Kulkarni and Reddy (1994) induced colonic aberrant crypts in male F344 rats by azoxymethane (AOM) treatment. At 5 wk of age, groups of rats were fed either the AIN-76 diet or AIN-76 + 1.5 or 3.0% of lyophilized culture of bifidobacteria as described above. At 10 wk of age, the rats were given the AOM injection. Six weeks later, rats were killed and AC in the colons determined. The consumption of the lyophilized cultures inhibited the development of AC in the colon by ~50%; fecal ß-glucuronidase was also decreased in feces of rats fed the cultures. Again, fecal bifidobacteria were not measured in the study, and it is impossible to draw conclusions about the relationship of numbers of viable bifidobacteria and the outcome measured (in this case, AC). In addition, the effect of the addition of lyophilized culture was not linear; 1.5% was equally as effective as 3.0% addition to the diet. This is not surprising, considering that the absolute numbers of bifidobacteria in the two groups differed by a small factor. The measurement of ß-glucuronidase represents an indirect indicator of risk because it is not clear which bacteria produce it and whether it has a direct effect on the outcome measured. However, in this case, it correlated with the decrease in AC.
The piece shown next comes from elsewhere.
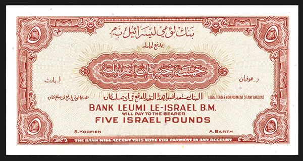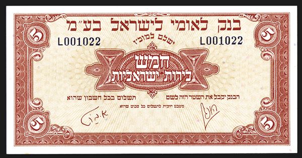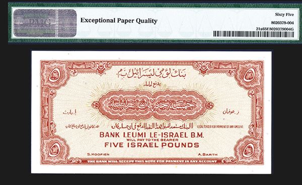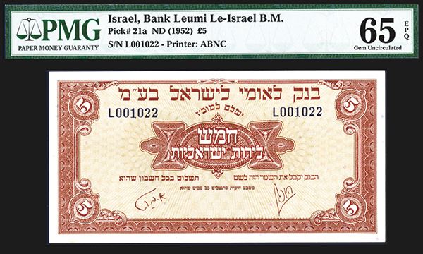 Israel, £5, P-21a, Issued banknote, Brown on yellow underprint, PMG graded Gem Uncirculated 65 EPQ. Attractive note rarely seen this nice. ABNC (Without imprint)

Reddy et al. (1997) fed 10% oligofructose or 10% inulin as part of the AIN-76 diet to male F334 rats that were given AOM in a design similar to the one reported above. The rats were killed 7 wk after the last dose of AOM. Total numbers of AC per colon were significantly less (120 ± 28 for control; 92 ± 28 for oligofructose; 78 ± 37 for inulin) in rats that consumed these prebiotics at 10% of the diet. No bacterial cultures of feces or colon contents were reported, but the authors cited the data of other studies, which reported that these prebiotics increase bifidobacteria and decrease other less desirable organisms. Again, based on our own observations, the effect of these prebiotics in rats (numbers of bifidobacteria and clostridia or AC) is not consistent; thus, measurement of the change in bacteria is critical in drawing conclusions about the relationship between bacteria and aberrant crypt formation. Oligofructose or inulin fed at 10% of the diet is a high amount of dietary fiber intake of a specific type for rats; it would be interesting to determine whether other dietary fibers at this level have similar effects or whether the effect is specific for these two oligosaccharides. The authors refer in detail to other studies that note changes in bacteria numbers and production of SCFA, such as lactic acid and butyric acid. They refer to studies in which the feeding of oligosaccharides increases butyrate levels in the colon as a positive outcome because butyrate has been associated with apoptosis and decreased cellular proliferation. However, increased butyrate concentration is not directly consistent with increasing numbers of bifidobacteria and displacement of less desirable organisms such as clostridia because bifidobacteria do not produce butyrate, whereas clostridia do produce it.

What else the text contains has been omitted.